For a moment he did not clearly understand what the words were. That was all she said, and as for him, he answered not a word. He put his hand in hers, and she pressed it faintly and then more faintly. He kissed her forehead with dry lips, and the little lines of pain there faded slowly into peace.
For an hour they let him kneel, until the end had come, and all that time he never stirred. Then they had to tap his shoulder to rouse him from his rigour. He got up slowly, bent over her for a moment, looking down into her tranquil face, and then allowed them to lead him away.

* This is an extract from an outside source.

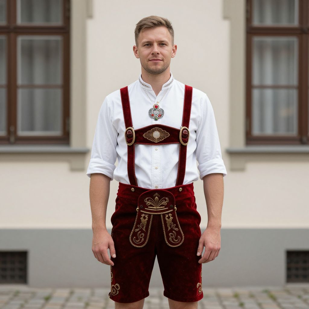 German Male Traditional Costume, man in a red and white outfit standing in front of a building

That was how Reid parted from his wife, and for days after he behaved as a man who had been suddenly deprived of all initiative. He did not work; he went nowhere outside the house; he ate, drank and slept mechanically; and he did not even seem to suffer actively. For the most part, he sat stupidly at his desk or wandered about the big garden, looking with dull eyes at the little green buds that were now swiftly opening all about him. Not a soul ventured to speak to him of his loss, albeit those who did not know him might have judged his mood one of absolute apathy.